→ TASK OBJECTIVE:
From the line that has "ACME Spray paint" down to the last line of the data below, set down every line exactly, but none of the pictures.

Collection entries:
• • • •

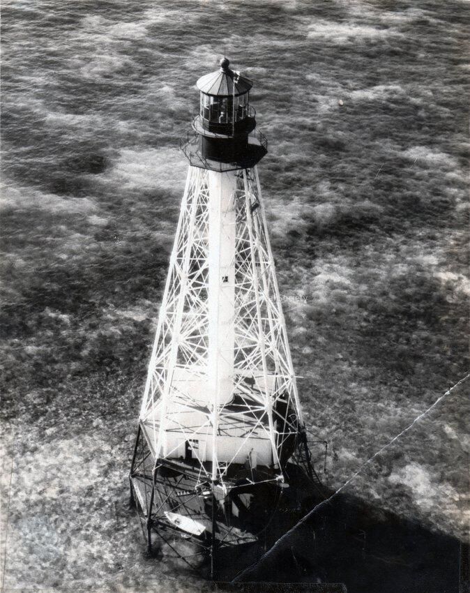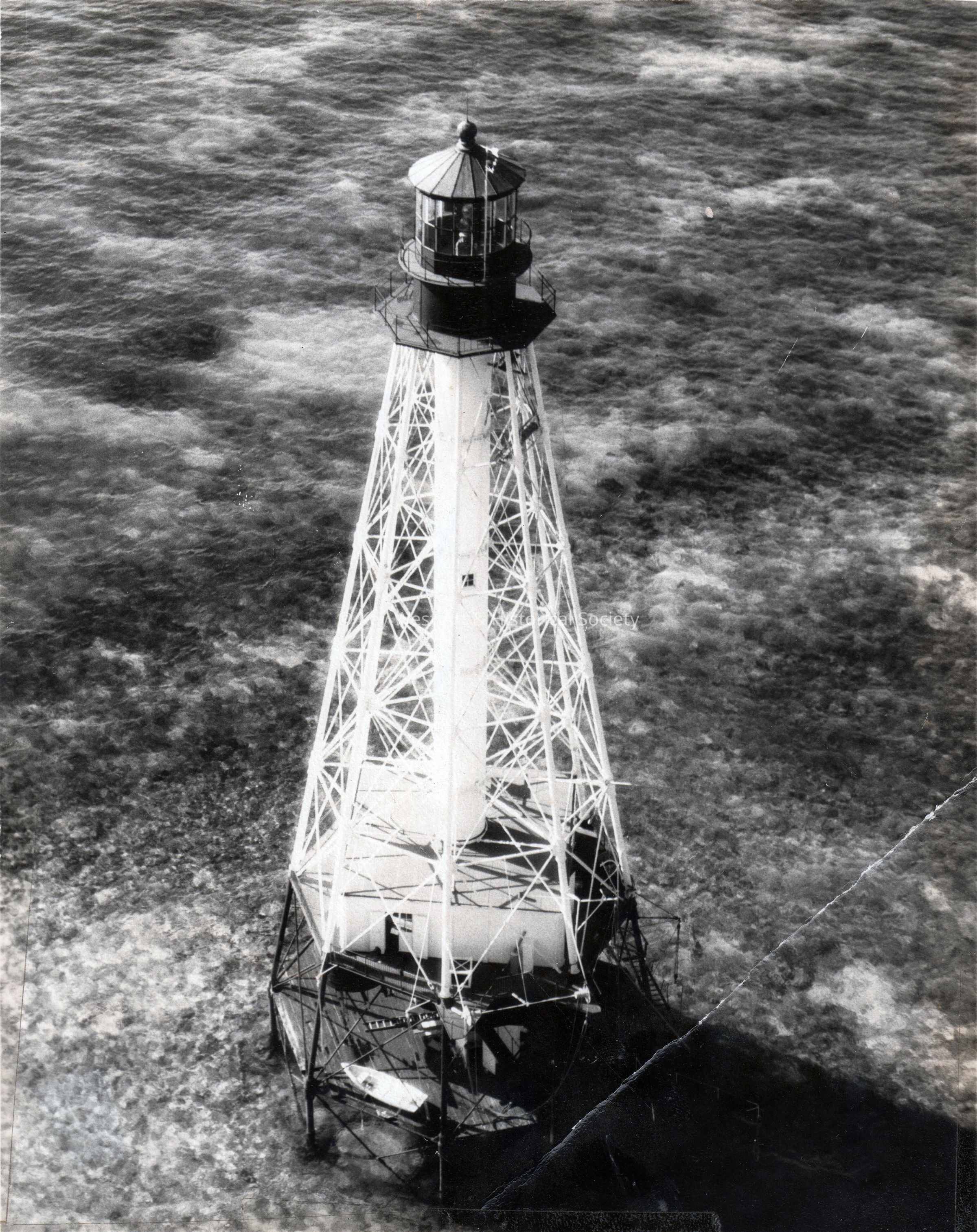 Black and white photograph of Alligator Reef Lighthouse built in 1873 of skeleton iron to resist hurricanes. It is located on the reef about four miles southeast of Matecumbe, Florida.Collection
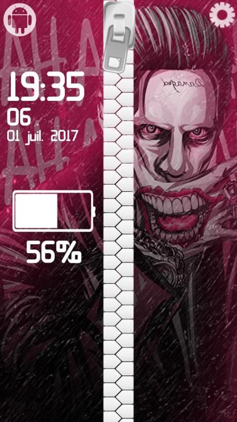 Joker Zipper блокировки экрана приложения для блокировки телефона, как легко заблокировать мобильный телефон, просто сжать и разархивирования. Потяните вниз крючок на экране, чтобы разблокировать экран и потяните его вверх, чтобы заблокировать экран и почувствовать эффект молнии.
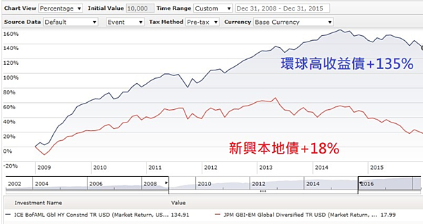 而截至2014年以摩根新興本地債指數為指標的管理資金已成長至2200億美金,高收益債指數則在3000億美金左右,兩者籌碼一樣亂,若金融風暴一來應該五十步與百步的差別@@
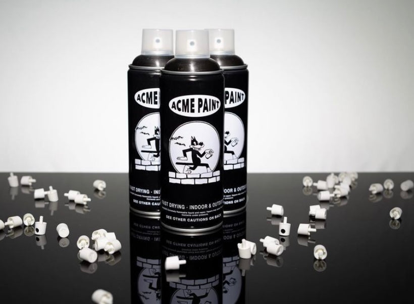 ACME Spray paint , the low-cost, high-performance graffiti paint you've been searching for, now available exclusively at Art Primo. Each can of ACME is UV-resistant, fast-drying, highly opaque, and fitted with a variable pressure female valve system. ACME cans are equipped with a classic LEGO CAP
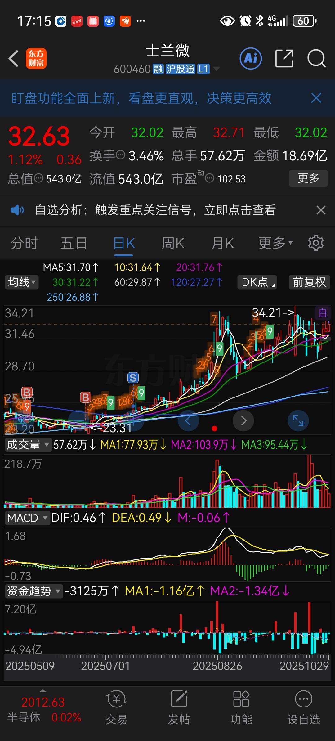 $士兰微(SH600460)$ 前面买了几天,拿不住卖掉了,现在好想再买回来呀?大家说现在买合适吗
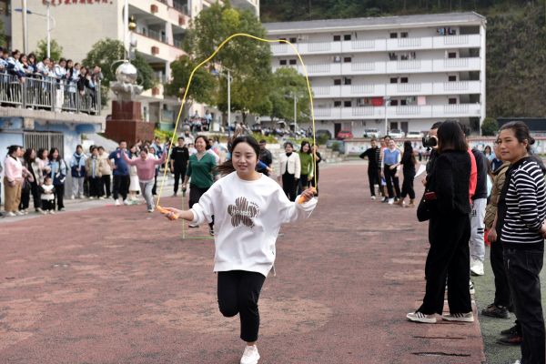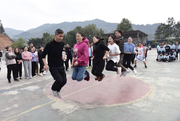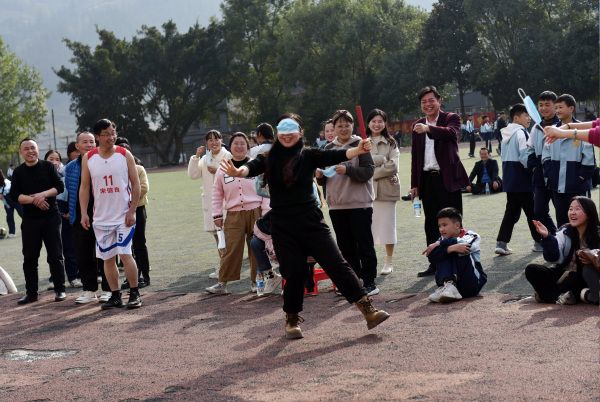 2024年3月7日,贵州黔东南州,从江县下江中学的老师们参加趣味活动,尽情释放工作中的压力,享受趣味活动带来的快乐,迎接国际妇女节。
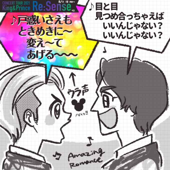 【キンプリ 横アリ 8/11 夜】 Amazing Romance 落ちサビ きしひらで向かい合う所で、ミッ●ーマウスボイスで歌い返してた岸くん😂 平野くんも会場も笑いが止まらなくなってた #KingandPrince #ReSense

• • • •

→ ANSWER SECTION:
 ACME Spray paint , the low-cost, high-performance graffiti paint you've been searching for, now available exclusively at Art Primo. Each can of ACME is UV-resistant, fast-drying, highly opaque, and fitted with a variable pressure female valve system. ACME cans are equipped with a classic LEGO CAP
 $士兰微(SH600460)$ 前面买了几天,拿不住卖掉了,现在好想再买回来呀?大家说现在买合适吗
 2024年3月7日,贵州黔东南州,从江县下江中学的老师们参加趣味活动,尽情释放工作中的压力,享受趣味活动带来的快乐,迎接国际妇女节。
 【キンプリ 横アリ 8/11 夜】 Amazing Romance 落ちサビ きしひらで向かい合う所で、ミッ●ーマウスボイスで歌い返してた岸くん😂 平野くんも会場も笑いが止まらなくなってた #KingandPrince #ReSense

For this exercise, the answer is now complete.